The only thing governments can do to facilitate innovation is to stay away from markets and allow companies compete and trade freely.
As David Akin writes in the Financial Post, the Canadian government has tried, through science policy, tax incentives and other programs, to boost innovation by industry for over 100 years. And all government efforts have failed, as according to one observer, the majority of Canadian companies have settled into a “comfortable low-innovation equilibrium,” being content to export their non-refined natural resources or other products to the vast, receptive U.S. market and let American companies do the innovating.
According to Akin’s report, Prime Minister Justin Trudeau intends to change that dismal record, as his government is finally going to make Canadian companies leaders in innovation—introduction of new, more productive processes and new, better products. (This is the same Justin Trudeau who has publicly committed to phasing out fossil fuels, ending the alleged catastrophic man-made climate change, and shrinking—if not eliminating—income inequality).
Mr. Trudeau has already made his first innovation-boosting moves. He introduced a federal carbon tax this year, which he believes will motivate fossil fuel producers to do research to discover how to produce oil, gas and coal with much lower carbon dioxide emissions. (As to why they should do so, is not clear, since CO2 is not a pollutant but a beneficial gas that enhances plant growth). Mr. Trudeau has also “invested” $372 of taxpayers’ money in innovation by giving an “interest-free” loan to the aerospace and transportation company Bombardier, with no strings attached.
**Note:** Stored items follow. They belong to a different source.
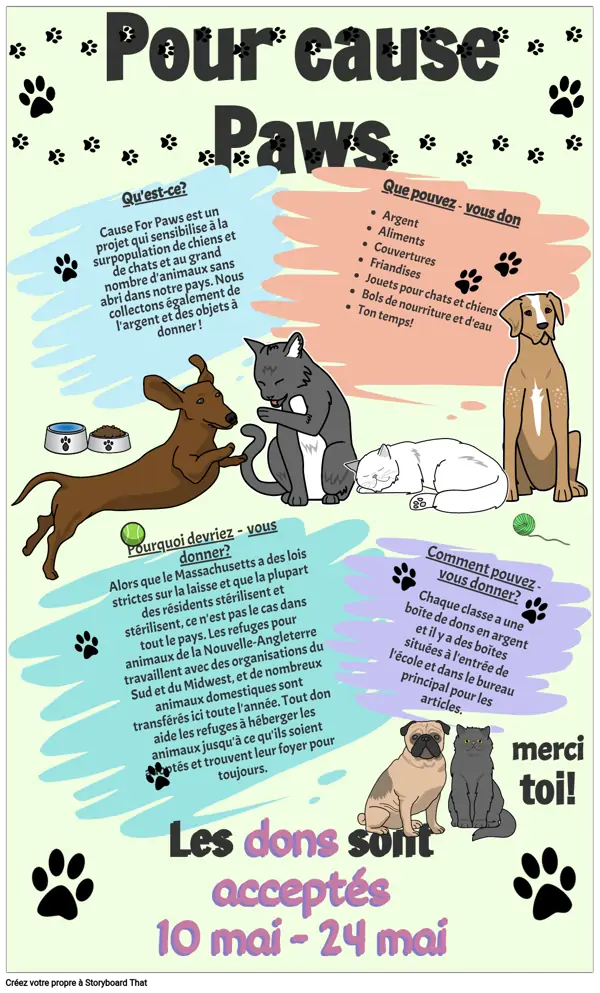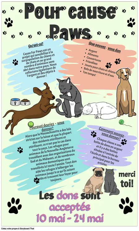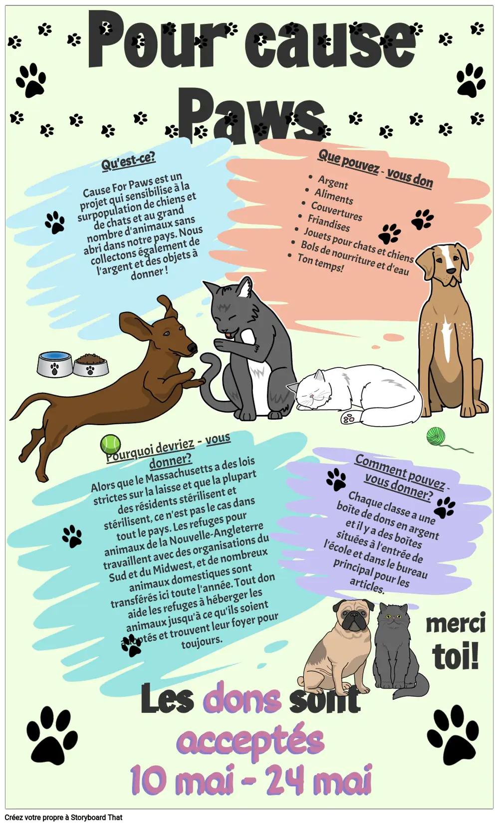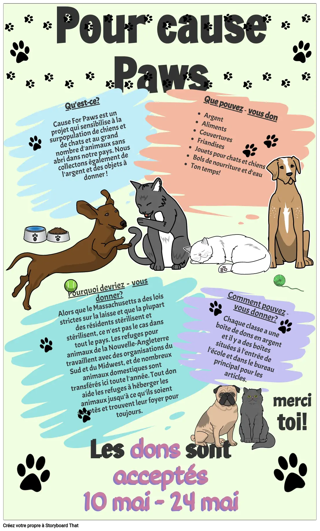 Qu'est-ce? Cause For Paws est un projet qui sensibilise à la surpopulation de chiens et de chats et au grand nombre d'animaux sans abri dans notre pays. Nous collectons également de l'argent et des objets à donner !
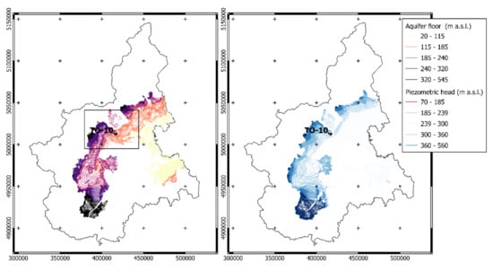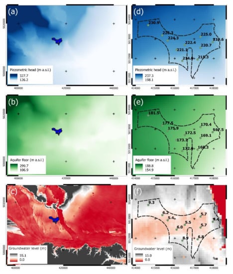 Figure 10. Raster maps of: (a) PH(x,y): altitude a.s.l. of the piezometric head of the aquifer (landscape level); (b) AF(x,y): altitude a.s.l. of the floor of the aquifer (landscape level); (c) GL(x,y): groundwater level (meters from the ground) of the aquifer (landscape level); (d) PH(x,y) in the TO-10 site; (f) AF(x,y) in the TO-10 site; (c) GL(x,y) in the TO-10 site. In (ac) blue polygon defines the TO-10 area. In (df) some numerical values are reported for random pixels. Raster maps were generated by spatial interpolation from line vector layers with a grid size of 100 m. Reference system is WGS84 UTM 32N.
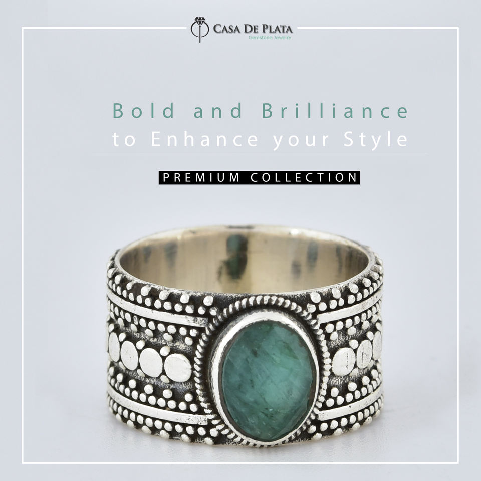 Esmeralda piedras preciosas 18k chapado en oro fabricante hecho a mano anillo de bajo precio de la joyería de la plata esterlina de casa de plata
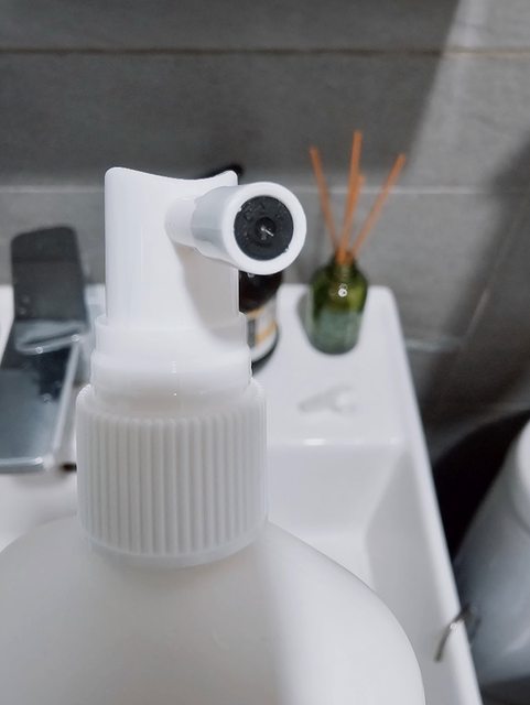 噴頭噴出的水霧較為集中,滿明顯的薄荷味

Unfortunately, like his predecessors, Prime Minister Trudeau is going to fail in his valiant efforts to turn Canada into an innovation nation. Why? Because governments cannot make companies more innovative. There are no science policies, taxes, government programs, or protectionist measures that can boost innovation by firms. Innovation is spurred by competition, not by government intervention: finding better solutions to problems than competitors do, and therefore being able to create more value for customers and shareholders. Smart phones, 3-D printers, diabetes drugs, assistive robots, self-driving cars, and more efficient manufacturing technologies were not created by government force (including handouts extracted from taxpayers) but by companies competing (relatively) freely.
This applies also to the education market. This is important because the only fundamental requirement of innovation is a reality-focused human mind exercising reason to solve problems. The government-run public education system has done a poor job at teaching reasoning and its requisite subjects (mathematics, science, history, literature, writing, and grammar) and instead delivered unintegrated curricula where various, often irrelevant, topics are taught in arbitrary sequences and unrelated to each other.
Poor elementary and secondary education at public schools is reflected in declining numbers of U.S. graduates in science and engineering, the two fields into which those with poor reasoning skills are particularly intimidated to enter. Higher education in science and engineering is also particularly important to train employees for companies that want to pursue innovation. As with other markets, government should get out of education market and leave it to private schools and universities—who are actually accountable to their customers for providing proper education—to come up with innovative and affordable models for delivering excellent education for all.
If Prime Minister Trudeau, or any other government leader, wants to encourage innovation by business, there is only one thing he can do: ensure the freedom of markets, including the education market. This can be accomplished in two ways. First, the government must disentangle itself from any involvement in markets: no taxes, no subsidies, no tariffs, no public schools—only laissez-faire. Second, the government must ensure the freedom of competition and trade by protecting the individual rights to liberty and property through the court system (so that contracts, on which business transactions depend, can be protected).
As the Canadian experience shows, no other government innovation-boosting measures have ever worked, nor will they ever work, no matter how fervently government leaders believe in them. If they gave up blind belief (or the pretense of it) and looked at evidence instead, they would find that the least regulated—freest—industries in the freest countries generate the most innovations, and thereby most prosperity and human flourishing.